Brades
"La maison du gouvernement, le bar à rhum et le cricket à la radio — Brades ne cherche pas à être autre chose que ce qu'elle est."
Brades ne figure sur l’itinéraire de personne. Les guides de voyage qui couvrent Montserrat ont tendance à vous envoyer à la zone d’exclusion de Plymouth, à Centre Hills, aux plages de sable noir, puis à reprendre la route. Brades est perchée dans les collines du nord-ouest, un ensemble lâche de bureaux gouvernementaux, de bars à rhum, d’un bâtiment de marché, de l’infrastructure administrative de l’île et des rythmes quotidiens d’une communauté qui se débrouille depuis que la capitale a été ensevelie sous les cendres il y a trente ans.

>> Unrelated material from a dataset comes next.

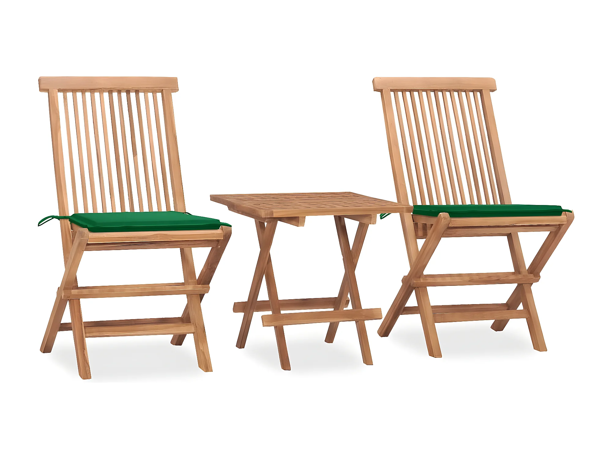 3-delige Tuinset inklapbaar met kussen massief teakhout NL805085

J’y suis allé parce que je voulais voir où se déroule réellement l’administration réelle d’une île réelle, et ce que j’ai trouvé était l’un des endroits les moins joués que j’aie rencontrés dans les Caraïbes.
Le bureau du Premier ministre est ici. Le conseil législatif se réunit ici. La station de radio gouvernementale émet depuis ici — Radio Montserrat, que j’écoutais en voiture depuis mon arrivée, un mélange de nouvelles locales, de gospel, de reggae et de commentaires de cricket qui semblait s’enchaîner sans ordre particulier et à un rythme qui convenait parfaitement à l’île. À Brades, la radio est ambiante, sortant des boutiques, des véhicules et des fenêtres ouvertes, et le commentaire de cricket — quel que soit le match qui se joue dans telle ou telle série en cours — fournit une sorte de récit continu à la journée.

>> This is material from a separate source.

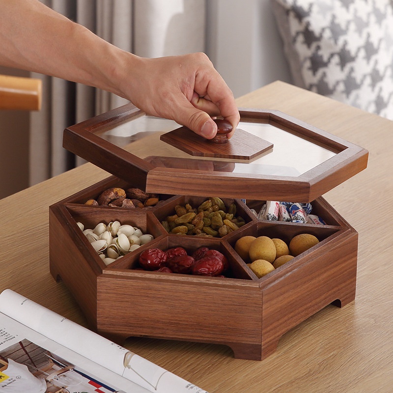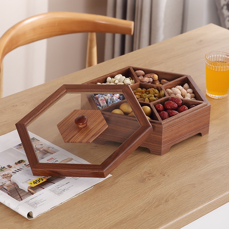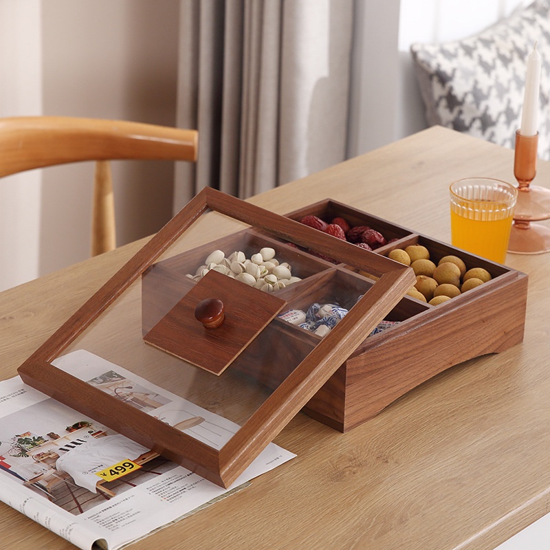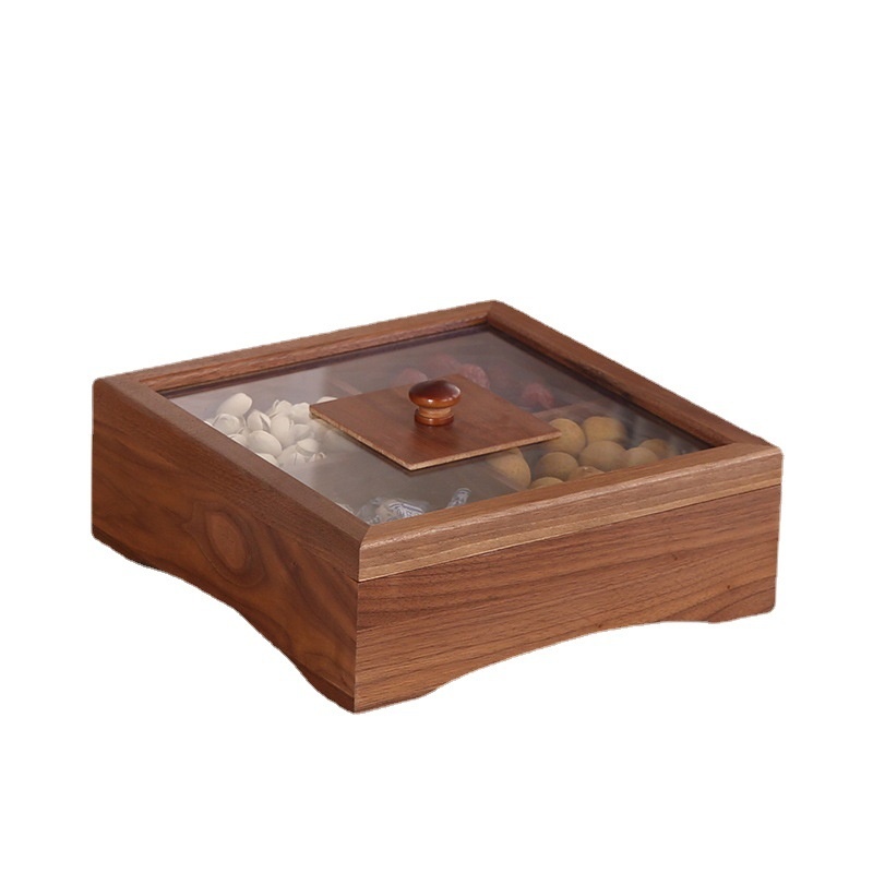 Black Walnut Dried Fruit Plate High-end Atmospheric Snack Plate Creative Living Room Coffee Table Partitioned Nut Plate Home Candy Box

Je me suis assis un moment dans un bar à rhum sans enseigne à l’extérieur, juste une porte ouverte, un réfrigérateur et un homme qui a versé mon verre dans un gobelet en plastique et me l’a tendu sans demander ce que je voulais, ayant conclu d’un coup d’œil que ce que je voulais était le même rhum avec la même dose de glace que tout le monde. Le rhum était un mélange local, doux, net et sérieux, et les deux hommes à la table près de la porte discutaient quelque chose à propos de drainage sur une route de flanc de colline d’une façon qui indiquait clairement qu’ils en discutaient depuis un moment et continueraient à le faire indépendamment de toute résolution. C’est la texture de Brades : des gens traitant de la logistique réelle de la vie sur une petite île avec compétence et sans mise en scène.
Il y a un marché hebdomadaire près de la route principale où les produits locaux descendent des fermes de la colline — le dasheen, le chayote, le piment assaisonneur, les petites bananes sucrées qui poussent à l’intérieur de Montserrat et ne ressemblent en rien aux fruits importés. Le piment assaisonneur y est vendu frais, mais aussi sous forme de sauce, et également, chez une femme installée au bout de la rangée, en pâte conditionnée dans de petits bocaux avec des étiquettes écrites à la main. J’en ai acheté trois. Quand j’ai quitté l’île, ils étaient tous utilisés.

Ce que Brades offre, ce ne sont pas des sites mais du contexte. Passez une matinée ici et le reste de l’île — la géologie, la zone d’exclusion, la nouvelle capitale en construction à Little Bay — prend plus de sens. Car Brades est l’endroit où l’on voit à quoi ressemble une île de quatre mille habitants quand elle se gouverne, s’administre, se nourrit, discute de drainage et écoute du cricket depuis trente ans depuis qu’un volcan a enterré le plan original. Elle ressemble, pour l’essentiel, à n’importe quelle autre petite ville. Ce qui est exactement le propos.
Quand y aller : Brades est animée en semaine, quand les bureaux gouvernementaux et les commerces sont ouverts. Le jour de marché apporte le plus de vie sur la route principale — renseignez-vous localement pour le calendrier actuel. Les bars à rhum ont leurs propres horaires, comme il se doit pour des bars à rhum.